Ketika Sofia tidak merespons, dia membawa kelembutan dalam suaranya, "Saya tahu tentang privasi klien Anda, dan saya menghormati itu. Di sini saya hanya bertanya tentang istri saya. Valerie Sinclair."

Sofia merasa kasihan padanya ketika dia melihat garis kekhawatiran di wajahnya.

"Umm. Mengapa Anda tidak bertanya pada istri Anda sendiri, Bapak Rafael Sinclair?" matanya melotot ke wajahnya,

"Bagaimana Anda tahu saya Rafael Sinclair." Sofia mencoba mengendalikan napas beratnya. Dia berusaha sebaik mungkin untuk tidak menunjukkan rasa panik di wajahnya.

"Tentu saja. Setengah negara mengenal Anda, pak. Anda mungkin seorang pengusaha, namun orang menganggap Anda seperti semacam selebriti."

Pikiran Sofia sekarang sedang berpacu. Dia perlu mengalihkan pikirannya dari masalah yang ada, "Omong-omong, saya sangat senang Anda ada di kantor saya. Dapat...dapat... saya maksud... dapatkah Anda memberi saya tanda tangan?"

Dia dengan cepat mengulurkan pad tulis medisnya kepada pria tampan yang tampaknya bingung tanpa alasan.

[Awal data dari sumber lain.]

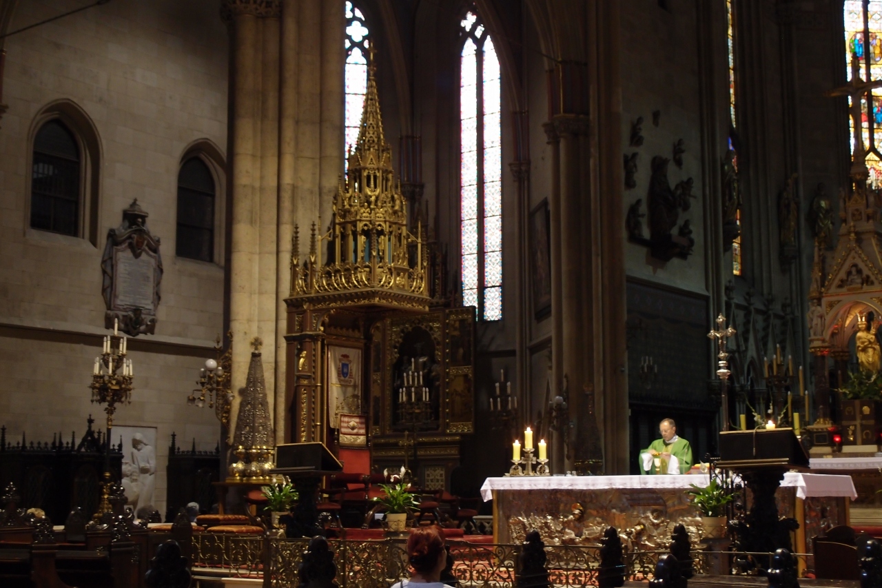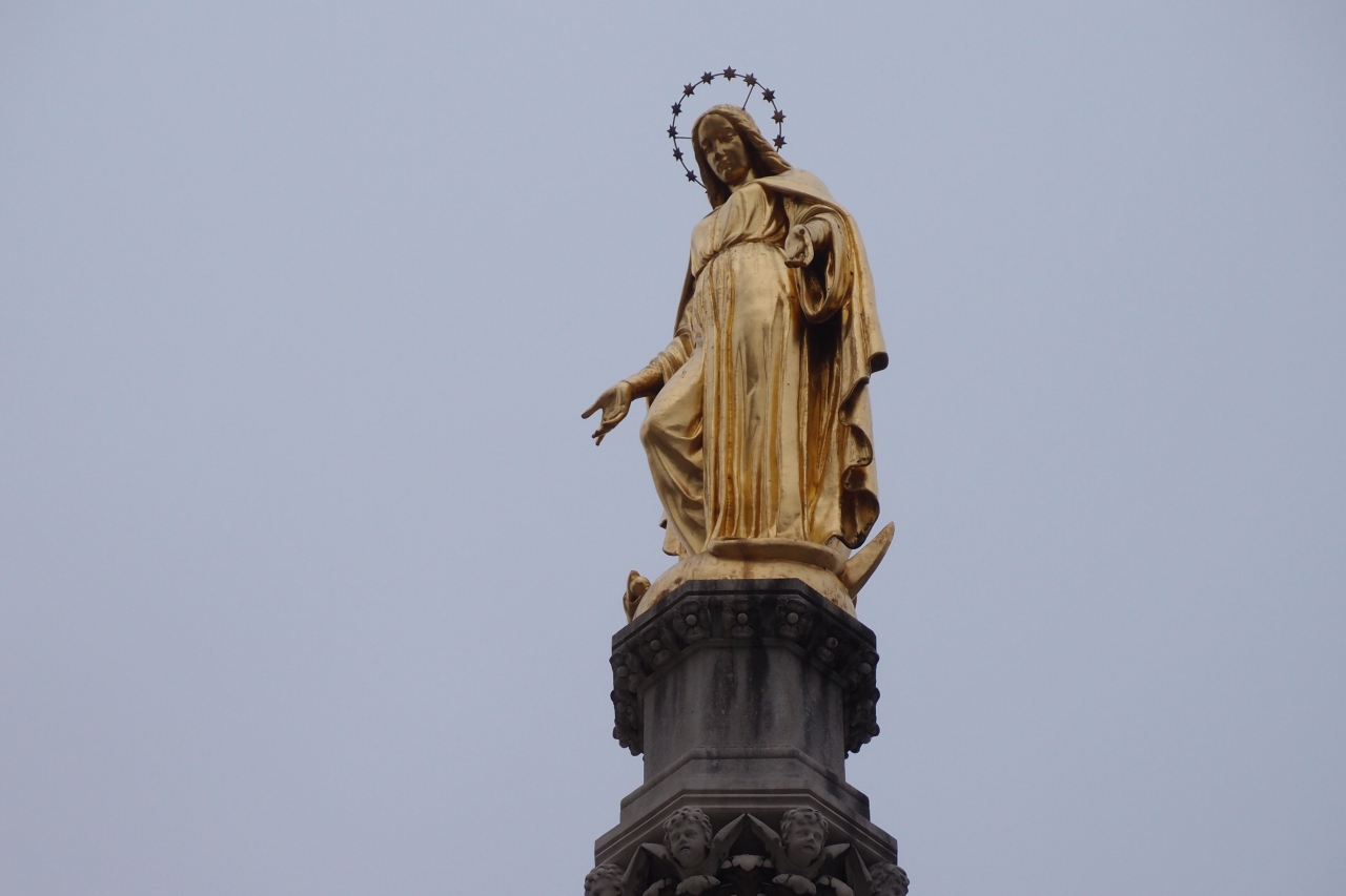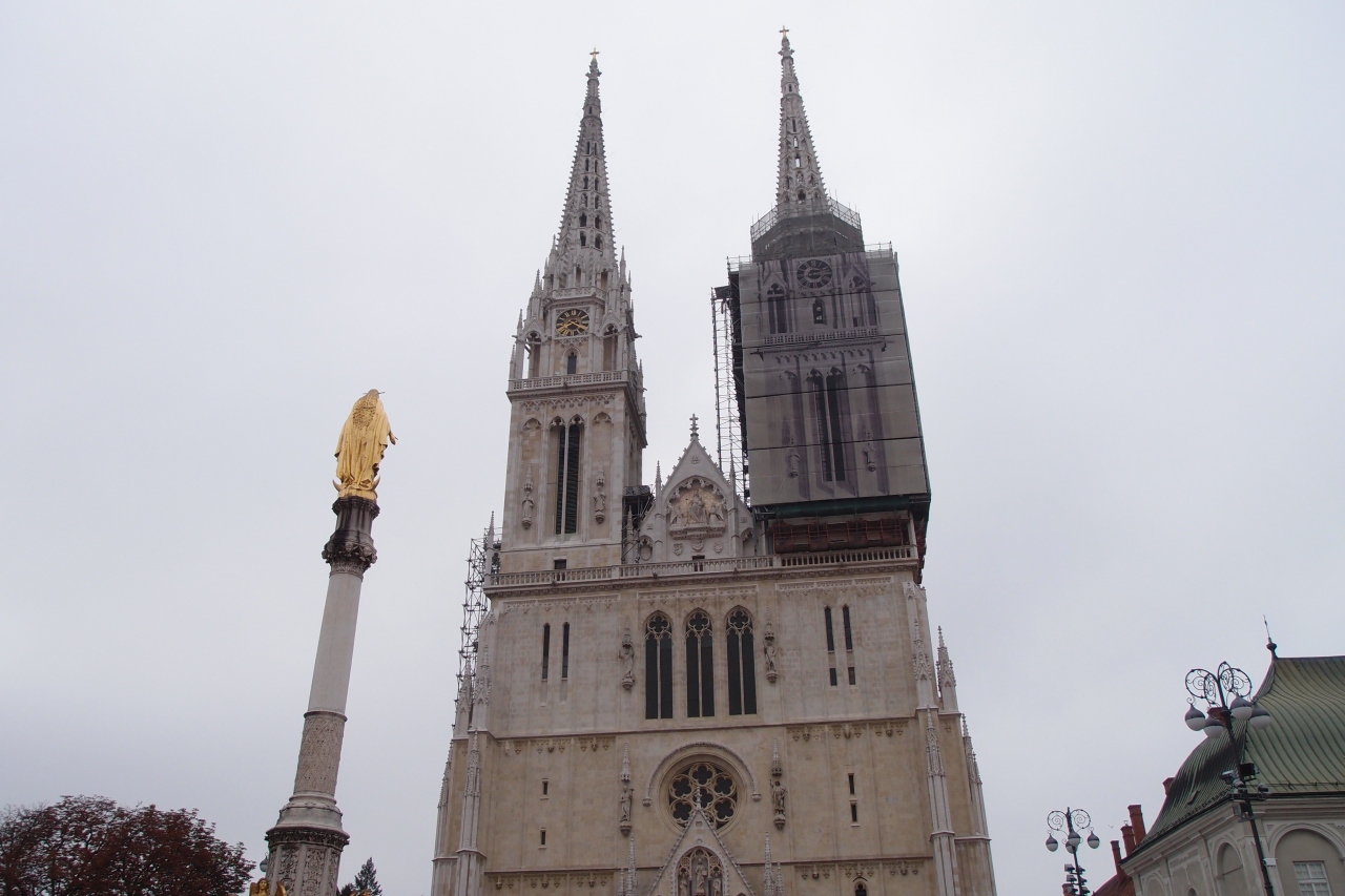 イェラチッチ総督広場の北東からカプトルの丘に向かって進むと大聖堂があります。塔の高さは105mあるそうです。大聖堂前のカプトル広場には聖母マリア像がありました。朝早くだったのでミサを行っていましたが、大聖堂の中に入ることができました。

"Dan saya juga ingin berselfie dengan Anda. Anda tahu? Untuk alasan publisitas? Hingga besok klinik saya akan penuh sesak seperti apa pun. Saya ingin menuliskan judul di pos Media Sosial ... Tuan Sinclair terlihat di klinik kami untuk perawatan ... "dia terkekeh dengan malu-malu pura-pura, bergumam seperti anak kecil, "Saya minta maaf ... saya maksudkan istri Anda. Tuan Sinclair memberi kami kehormatan dengan berkunjung bersama istri beliau untuk perawatan kesuburannya... Ha-ha."

"Apakah Anda sudah gila?" dia berdiri tiba-tiba menyebabkan kursi terjatuh ke belakang, "Saya di sini sangat khawatir untuk seseorang dan Anda malah menuntut hal-hal yang tidak masuk akal. Saya bisa memastikan untuk membatalkan lisensi Anda." Wajah Sofia membeku oleh ancaman itu.

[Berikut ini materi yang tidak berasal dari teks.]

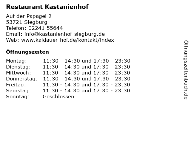 | Öffnungszeiten Restaurant Kastanienhof in Siegburg anzeigen | |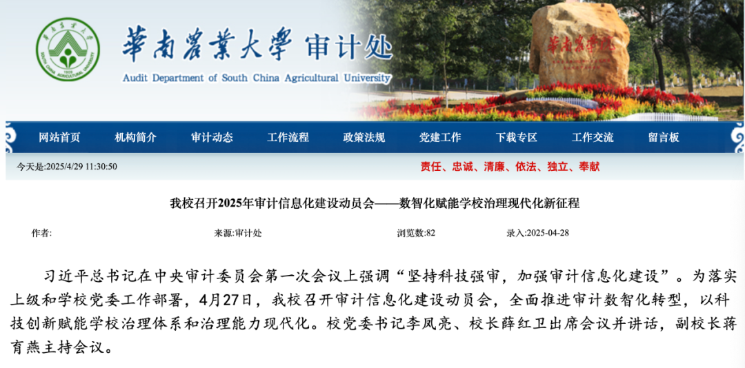 在數字化轉型浪潮中,高校治理能力提升成為“雙一流”建設的關鍵突破口,而審計信息化建設則是高?!半p一流”建設的堅實保障。以廣東省教育廳《關于認真做好2025年教育審計工作的通知》相關要求為背景,華南農業大學審計處積極調研并開展審計信息化建設,與我司「北京審友數治科技有限公司」簽約合作,計劃構建審計管理、在線作業、數據分析、整改跟蹤、工程審計、遠程協同、決策支持等模塊,助力華南農大打造高校審計信息化標桿。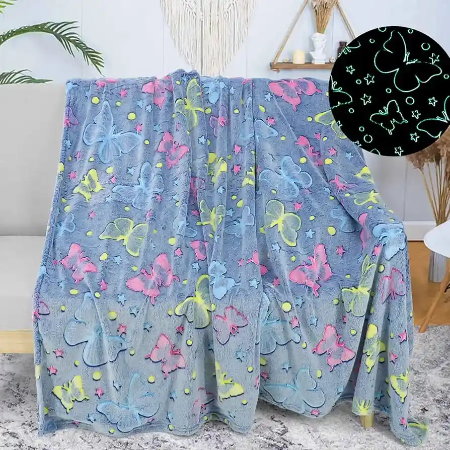 Disfruta de una cobija súper suave, abrigadora y mágica. Este modelo Glow in the Dark ilumina tiernos diseños de dinosaurios cuando apagas la luz, creando un efecto increíble que encanta a niños y adultos. Viene en varios modelos y colores, todos fabricados en tela plush ultra suave que ofrece confort y calidez durante toda la noche. Características: Brilla en la oscuridad (solo necesita cargarse con luz). Diseños divertidos y variados: dinosaurios y figuras temáticas. Tamaño amplio: aproximadamente 147 X 197 cm. Súper acogedora, ideal para cama, sofá o siestas. Perfecta para regalo.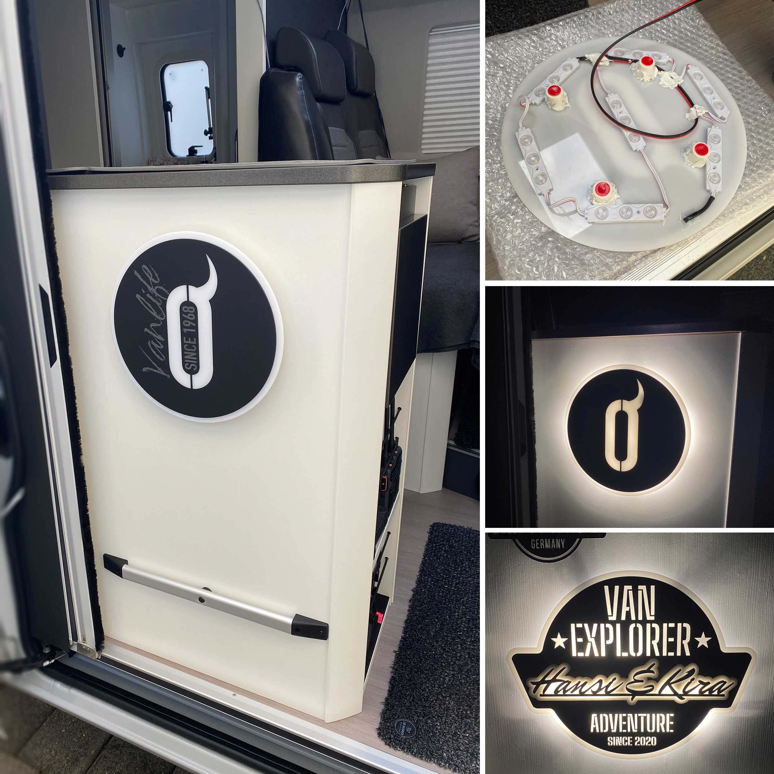 Wie cool, beim letzten Kastenwagentreffen haben wir unsere Womoschilder hinterleuchtet – sogar mit Dimmer und Fernbedienung. Schön so etwas mit guten Freunden und einem Fachmann für Elektrik zu realisieren – herzlichen Dank!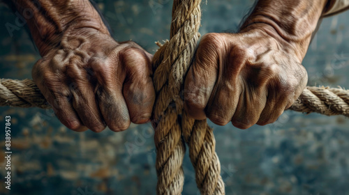 A close-up of weathered hands gripping a rope, their veins bulging, showcasing combined strength and determination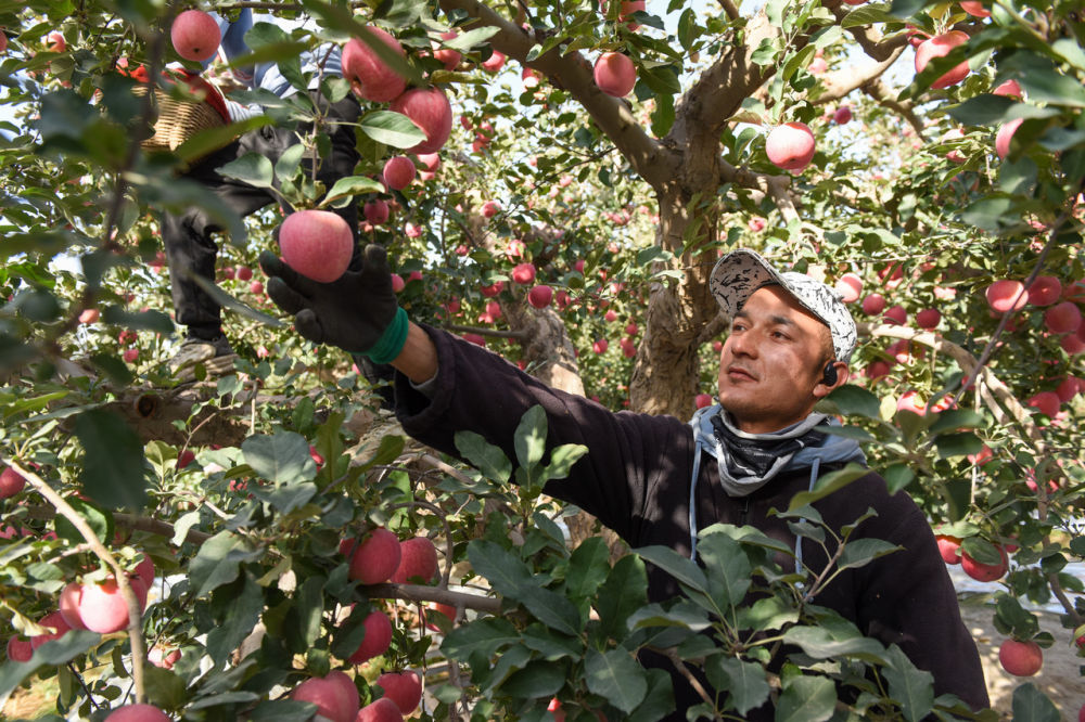 10月23日,在新疆阿克蘇地區(qū)紅旗坡農(nóng)場(chǎng),果農(nóng)在采摘蘋果。新華社記者 高晗 攝

"Saya minta maaf. Hanya saja Anda sangat tampan hingga saya kehilangan akal sehat saya." Kali ini wajahnya sedih. Rafael terus menatap wajahnya dengan mata yang tak berekspresi dan Sofia menjadi takut.

Bisakah dia sudah terlalu jauh dengan semua ini?

"Ny. Sofia James." Dia mendesis antara giginya yang terkatup erat, "Saya akan kembali besok, dan Anda sebaiknya sudah siap. Saya perlu mengetahui jawabannya kalau tidak saya mungkin akan membawa petugas polisi untuk mendapatkan rekaman CCTV."